Brian, now on a mission to find out more about his loafers AKA espadrilles, began an internet search. He explains:
My first thought was a friendly bet . . . something like, on a warm sunny afternoon, we both wear our white pants, blue striped shirts and "espadrilles". The loser of the debate has to keep the winner's wine glass full for the remainder of the day and evening. Oh I could taste the wine getting better and better as the evening wore on. A quick internet search and I should have this debate wrapped up in no time. Here's what I learned from my on-line research. 15 years ago I bought myself a cute pair of loafers! My imaginary bet would have had me running back and forth from the wine cellar to JoyD, in my white leather loafers . . . as I managed to keep her wine glass full  . . . as she relaxed on the patio in her espadrilles.
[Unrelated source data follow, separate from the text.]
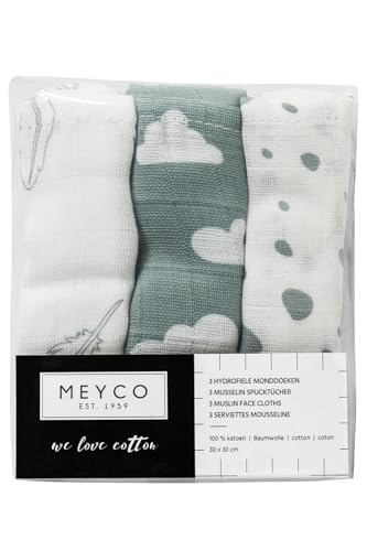 Meyco Mull/Musselin Spucktücher 3er Set, FEDERN-WOLKE-DOTS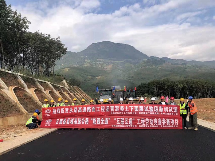 12月22日,永勐高速公路沥青路面下面层试验段在E匝道铺筑完成。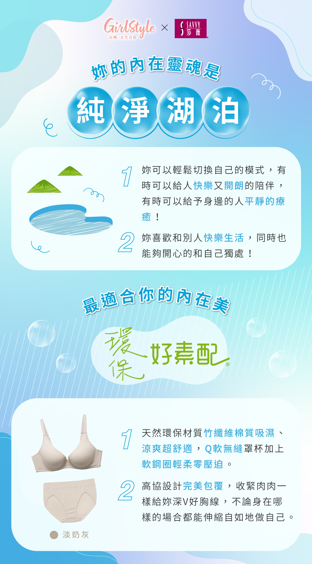 最適合妳的內在美是環保好素配,天然環保材質竹纖維棉質吸濕、涼爽超舒適,Q軟無縫罩杯加上軟鋼圈輕柔零壓迫,高協設計完美包覆,收緊肉肉一樣給妳深V好胸線,不論身在哪樣的場合都能伸縮自如地做自己。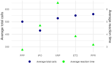 最具启示性的发现出现在VRP阶段,此时呼叫量激增(平均523.1次/天)伴随反应时间骤增至6.5分钟。而后期ETD阶段虽呼叫量更高(550.9次/天),反应时间却降至3.8分钟,证明系统通过优化调度实现了效能提升。所有阶段中,PPP阶段表现最优(平均500.7次/天,反应时间2.66分钟)。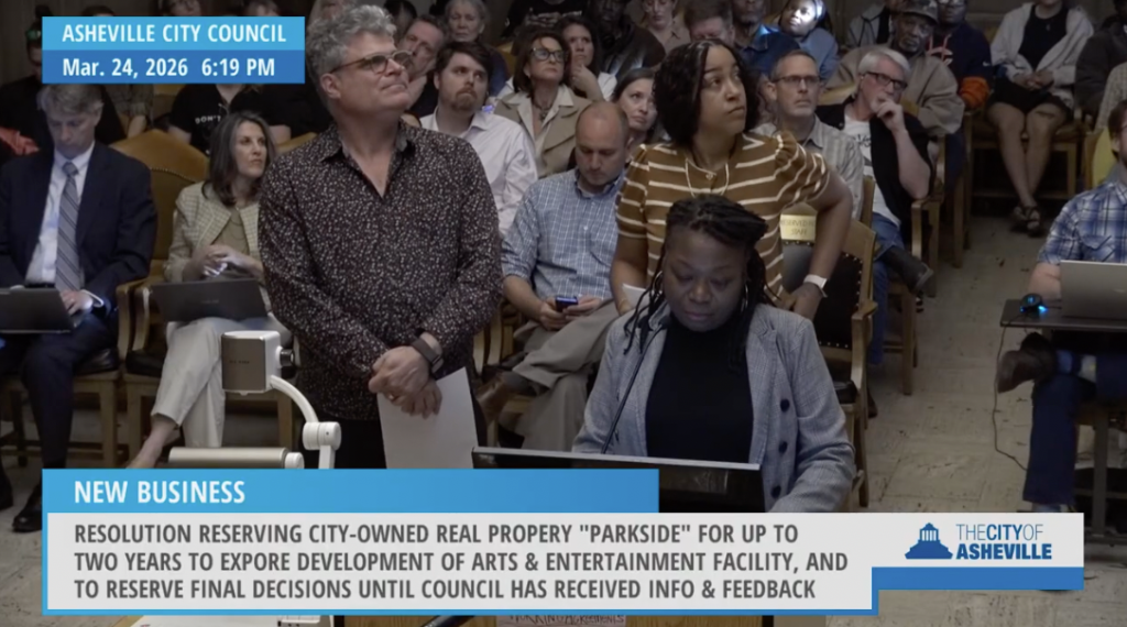 City Council voted unanimously on Tuesday, March 24, to place a two-year land hold on the “Parkside” parcels to explore the building of a downtown performing arts center in Asheville. Importantly, the final approved version of the resolution stipulates that the City will “create and utilize, as part of this process, meaningful and robust partnerships [emphasis added] with the surrounding communities, including but not limited to the Block and East End.” This status of “partner” is of great significance to these communities–earlier drafts had merely offered “engagement”–so this commitment is a win.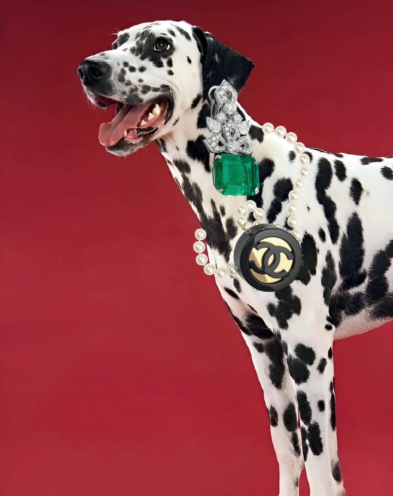 Bvlgari Emerald Dance earrings / CHANEL micro bag necklace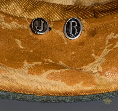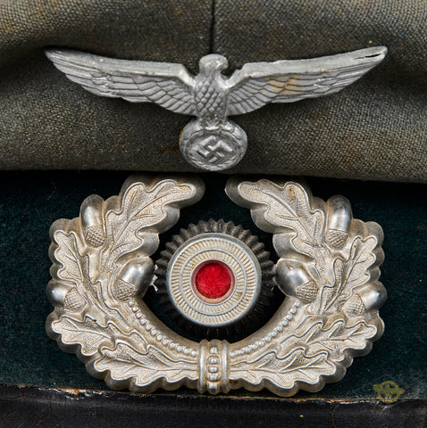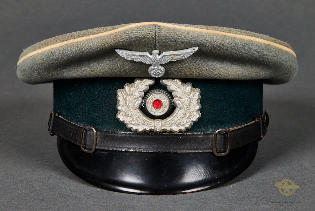 WWII German Army Infantry Other Ranks Visor Cap, Private Purchase-This private purchase example is produced in soft, field gray wool in a classic tellar shape. It is clean, with minor wear and tracking in a few spots. There are a few small moth nips on the underside of the cap, please see pics. The white infantry piping is fully intact with minor discoloration. The center band is dark green badge cloth. The insignia is zinc, with most of the finish present on the cockade and wreath but mostly missing on the eagle. The chinstrap is black leather and fully intact with minor fading. The visor is black vulkanfibre with minor fading and crazing. The underside is cream colored with some wear from use. The interior is fully lined in gold rayon. It has minor discoloration and moderate wear with some missing material. There was a moisture shield but it is missing. You can see the maker nomenclature but it is heavily worn. The sweatband is tan leather. It has a significant amount of wear and is fragile. There are initials on the sweatband, JR. The cap is a size 57. Overall a very good example!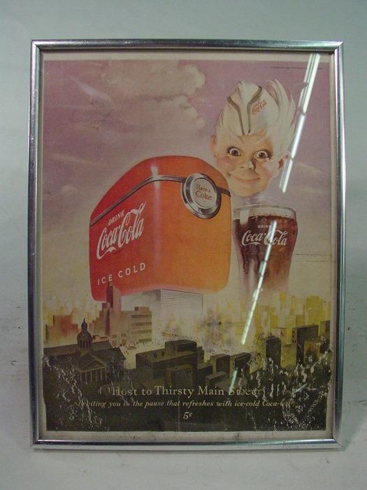 Small Chrome Framed Coca Cola AD with 1950's Style Milk Shake Print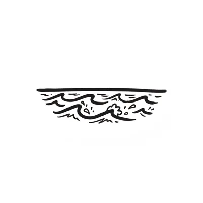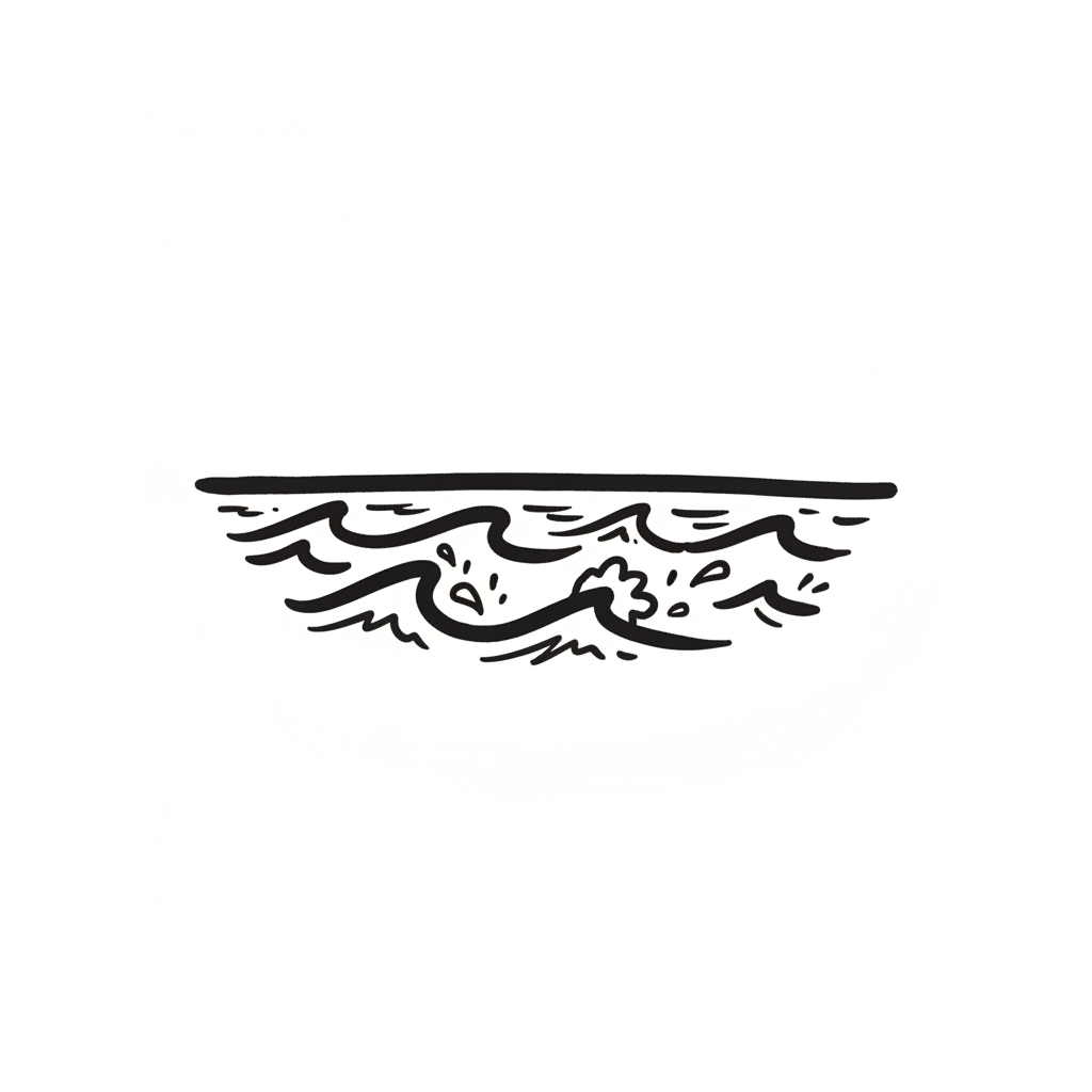 Schwarz-weiße, stilisierte Zeichnung von Wellen und spritzendem Wasser.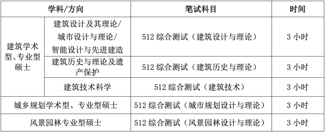 备注:512综合测试(建筑设计与理论)、512综合测试(城市规划设计与理论)、512综合测试(风景园林设计与理论)需自备绘图工具。

Thank-you Brian for the imaginary bet; I assure you, it is not in my personality type to gloat. I appreciate you doing the research but even if you had found "evidence" to support your "espadrilles" I would have stuck by my definition.

In his email, Brian concludes:

Espadrilles are likely the most feminine yet still unisex shoe made without crossing the gender lines. That was 15 years ago and it's a nice reminder of my shoe desire journey. Today I prefer ballet flats but like you said in your previous post. Espadrilles are "chic" and acceptable for guys to wear. 
I would think that in the Basque area of Europe, where they originated, there was no gender specification. They were espadrilles, both males and females wore them and that was that.
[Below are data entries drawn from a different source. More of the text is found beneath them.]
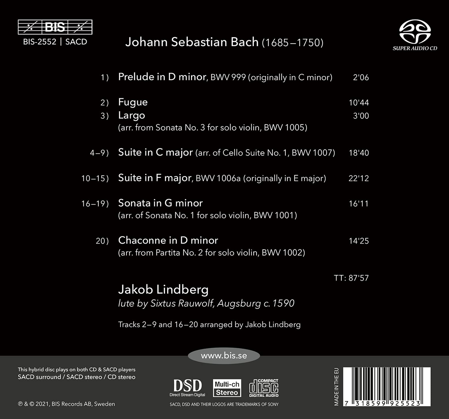 Bach was renowned as a keyboard player as well as being an accomplished violinist, but as far as we know he didn't play the lute. He seems to have been fascinated by the instrument’s special sound qualities, however, and was clearly inspired by the possibilities of the Lautenwerk. This was a gut-strung harpsichord designed to imitate the sound of the lute and at least some of the works usually referred to as ‘the Bach Lute Suites’ were probably composed for this instrument. Jakob Lindberg recorded the complete suites in 1992. Returning to the composer almost three decades later, he does so in the company of his Rauwolf lute, an instrument built in Augsburg around 1590 and ‘modernized’ in 1715, during Bach’s lifetime. But this time, only two of the works belong to the standard lute repertoire – the Prelude BWV 999 and the Suite BWV 1006a, which in fact is the composer’s own arrangement of his Partita No. 3 for solo violin. For the remaining works on the disc Lindberg has taken the cue from Bach, making arrangements of Cello Suite No.1 and Sonata No. 1 for solo violin in full. He has also chosen individual movements from other solo works, including the highly complex fugue from Sonata No. 3 for solo violin. The amply filled album (88 minutes!) closes with the iconic Chaconne from Partita No. 2 in D minor.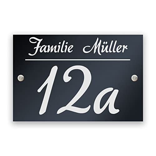 Suchst du ein Hausnummernschild, das wirklich zu deinem Zuhause passt? Dieses personalisierbare Schild ist genau das Richtige! Aus stabilem 3,2mm Gravurlaminat gefertigt, hält es jedem Wetter stand - ob pralle Sonne, Regen oder Frost.\\n\\nDie präzise Lasergravur ist absolut abriebfest und verblasst nicht. Du kannst Straßenname, Hausnummer und sogar Ortsnamen gravieren lassen. Mit 8 verschiedenen Farbkombinationen findest du garantiert das passende Design für dein Haus.\\n\\nDie Montage ist super einfach: Du hast die Wahl zwischen Schrauben, Montageband oder Kleber - je nachdem, was dir lieber ist. Das Schild ist UV-beständig, rostet nicht und bleibt auch nach Jahren noch schön.\\n\\nIn drei Größen erhältlich: 11x19cm, 14x24cm oder 17x29cm. So findest du die perfekte Größe für deine Hauswand. Ob modernes Einfamilienhaus, gemütliches Reihenhaus oder Firmengebäude - dieses Schild macht überall eine gute Figur.\\n\\nEin tolles Geschenk für Einzug, Geburtstag oder einfach so! Deine Gäste und Lieferanten finden dich jetzt immer problemlos. Und das Beste: Du bekommst ein Unikat, das es so kein zweites Mal gibt!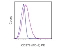 Description: The J43 monoclonal antibody reacts with mouse PD-1 (programmed death-1), a 55 kDa member of the Ig superfamily. PD-1 contains the immunoreceptor tyrosine-based inhibitory motif (ITIM) and plays a key role in peripheral tolerance and autoimmune disease in mice. PD-1 is expressed mainly on activated T and B lymphocytes. Two novel B7 Family members have been identified as PD-1 ligands, PD-L1 (B7-H1) and PD-L2 (B7-DC). Evidence reported to date suggests overlapping functions for these ligands and their constitutive expression on some normal tissues and upregulation on activated antigen-presenting cells. It is reported that J43 inhibits the binding of mouse PD-L1-Ig and mouse PD-L2-Ig to PD-1/BHK transfected cells. When administrated in vivo, both intact and Fab of J43 are reported to enhance contact hypersensitivity and exacerbate acute GVHD similar to transfer of PD-1-deficient cells. Injection of J43 also exacerbates EAE and NOD diabetes as do specific antibodies to mouse PD-L1 and PD-L2.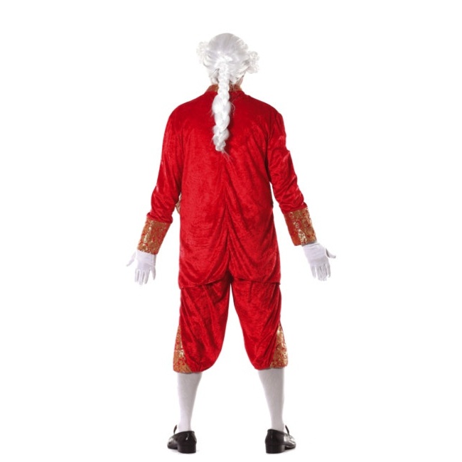 Die Hose ist aus dem gleichen roten Samtstoff wie die Jacke im Rückenbereich. Sie hat einen Bund in der Taille und reicht bis etwa unterhalb der Knie.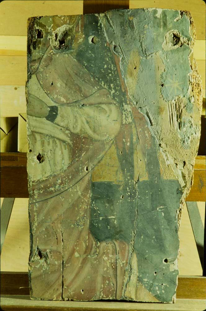 Fotografía de un fragmento de tabla con ángel, perteneciente al retablo mayor de la Iglesia parroquial de Santa Columba de Villamediana (Palencia)
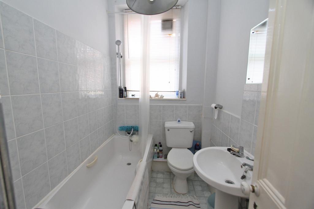 BATHROOM matching white suite with panelled bath with mixer tap and shower attachment, pedestal wash hand basin, close coupled wc, part tiled walls.

Back to my husband's thoughts on this . . . "Are you kidding? Who cares what they're are called?" You know, I think he's right. And that is the way it should be for all clothing, who cares who they were "made for" . . .  who cares what they are called . . . ah, but in debate the "accepted definitions" and "identifiable features" tend to be the breaking points and the deciding factors.

Thanks, Brian for participating in the debate! 


  1. Another top up of wine for you JoyD. I can't believe how quickly this post happened and how quickly it ended. And while it ended in defeat (for me) I could be happier. I learned something new about shoes. Something I thought I knew everything about. I guess I will sit back and enjoy shoes for what they really are. Things we put on our feet and things that make a fashion statement about who we are and what we feel. What really is amazing is how people perceive or what they think aboutthe shoes you are wearing say about you. There are a lot of shoes I like that the stereotype say something completely different about who I am. This comes back to what your husband said. " "Are you kidding? Who cares what they're are called?" You know, I think he's right. And that is the way it should be for all clothing, who cares who they were "made for" . . . who cares what they are called"

    He's right but seriously, you won this one. Opps better top you up again

    1. It is because of emails and comments, like yours, that I continue this blog. If I did not receive them, I would begin to fret about that which I write being only of interest to me. And like I said I love debate as long as the debaters end up toasting each other and not walking out on each other. Although my mother tried to instill in me, that there is a right way and a wrong way to do things, I never quite believed her - there's a lot of variations on how things can be done, and well there should be for the human mind is creative - no matter what we end up calling the final product. Cheers!